_Exercise goal_
Word for word, restate the lines of the listing below from the line with "6. Enter your" through the line with "Denne appen gir", and do not include the pictures.

_Excerpted records_

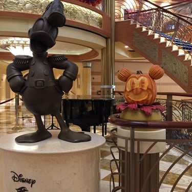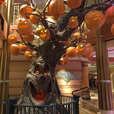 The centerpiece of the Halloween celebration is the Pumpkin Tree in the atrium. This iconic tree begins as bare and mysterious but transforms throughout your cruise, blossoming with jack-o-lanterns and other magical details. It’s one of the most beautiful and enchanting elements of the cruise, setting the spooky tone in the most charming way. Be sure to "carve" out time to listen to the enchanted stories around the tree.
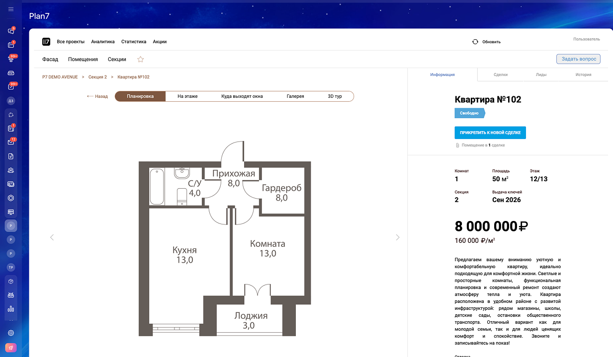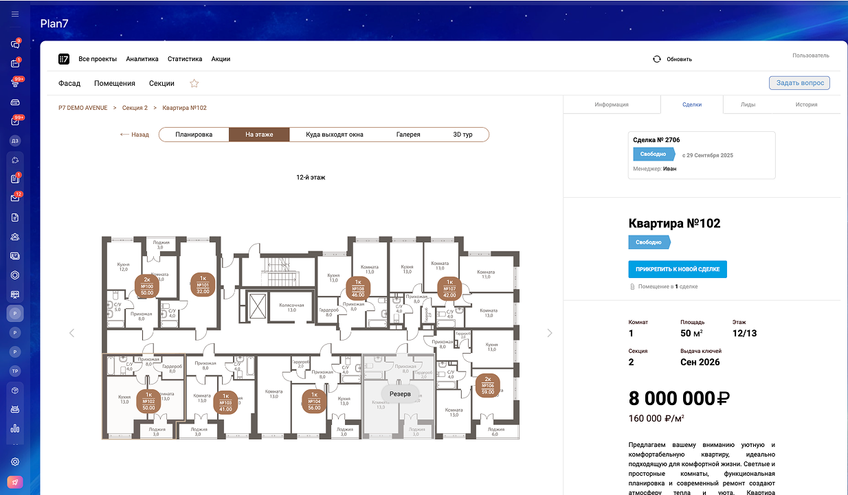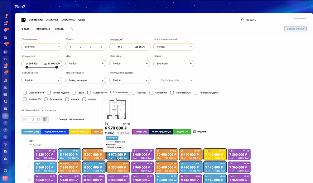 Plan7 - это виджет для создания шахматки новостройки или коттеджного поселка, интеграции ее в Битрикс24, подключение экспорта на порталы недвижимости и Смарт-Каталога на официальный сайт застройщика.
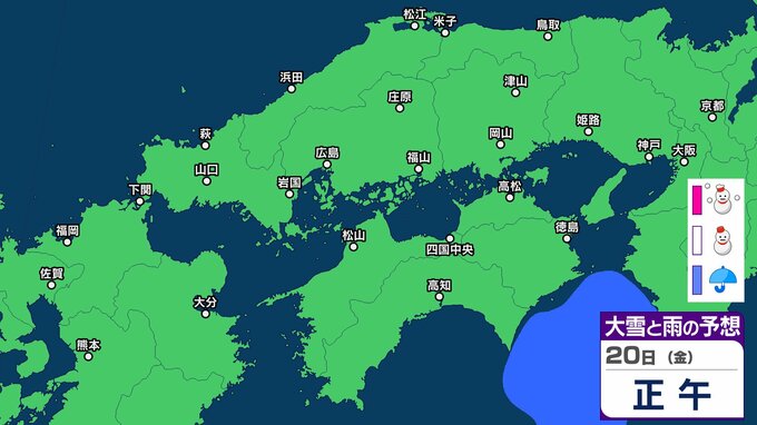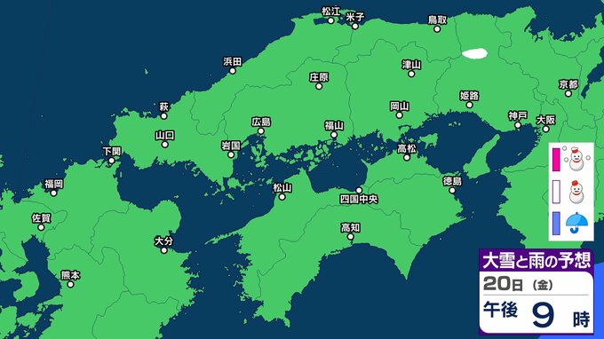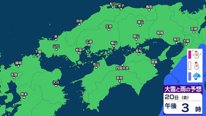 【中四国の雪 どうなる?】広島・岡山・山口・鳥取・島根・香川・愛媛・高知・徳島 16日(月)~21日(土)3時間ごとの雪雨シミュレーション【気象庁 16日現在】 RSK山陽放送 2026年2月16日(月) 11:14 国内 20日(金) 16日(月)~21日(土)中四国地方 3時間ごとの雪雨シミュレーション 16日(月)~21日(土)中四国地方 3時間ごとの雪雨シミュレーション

--

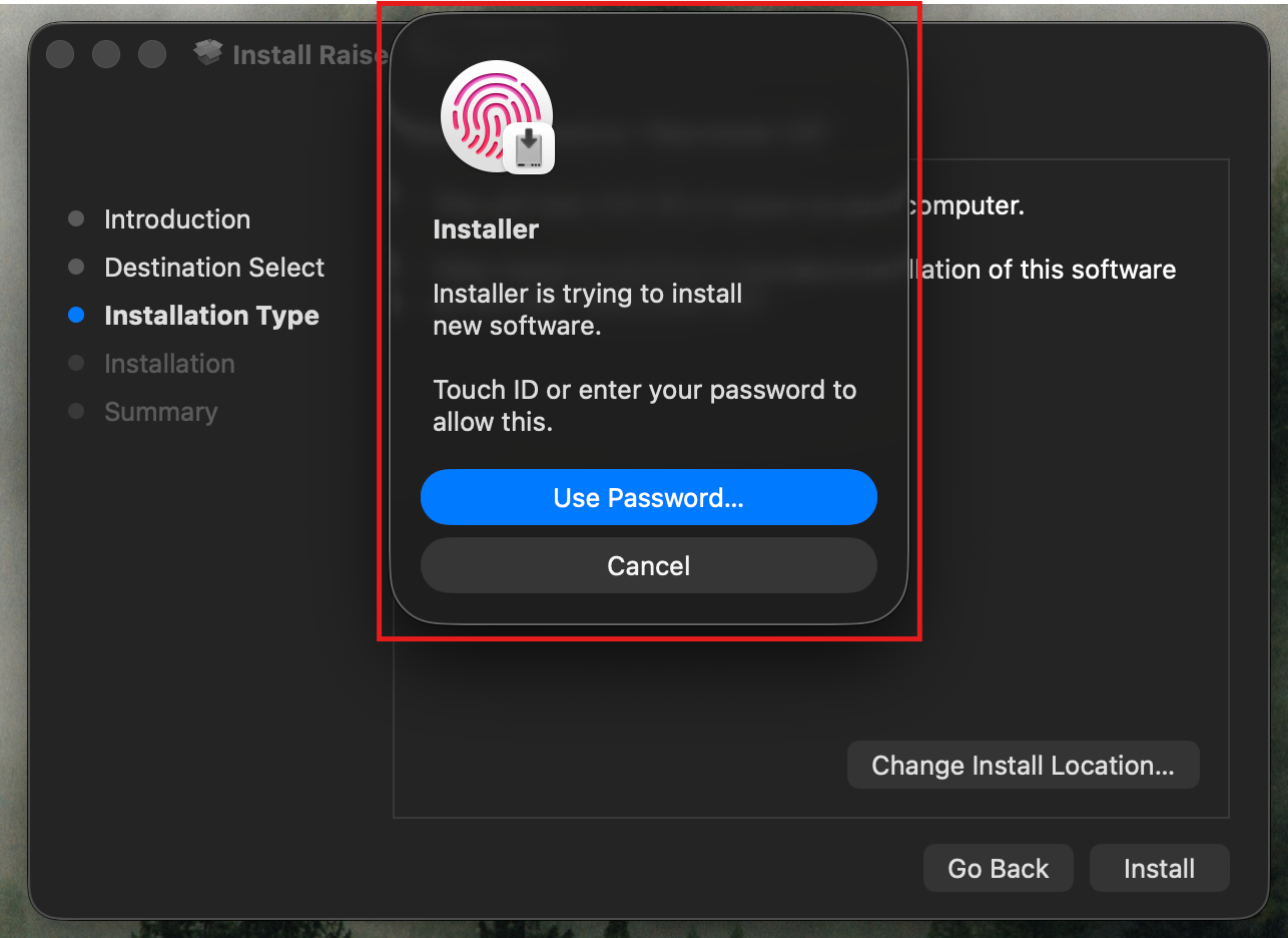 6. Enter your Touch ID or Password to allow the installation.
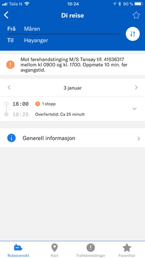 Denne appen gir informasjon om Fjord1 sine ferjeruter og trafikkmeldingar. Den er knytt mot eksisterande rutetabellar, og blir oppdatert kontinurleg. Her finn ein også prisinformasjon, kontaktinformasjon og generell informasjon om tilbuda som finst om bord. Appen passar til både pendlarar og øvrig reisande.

_Solution for this exercise_
 6. Enter your Touch ID or Password to allow the installation.
 Denne appen gir informasjon om Fjord1 sine ferjeruter og trafikkmeldingar. Den er knytt mot eksisterande rutetabellar, og blir oppdatert kontinurleg. Her finn ein også prisinformasjon, kontaktinformasjon og generell informasjon om tilbuda som finst om bord. Appen passar til både pendlarar og øvrig reisande.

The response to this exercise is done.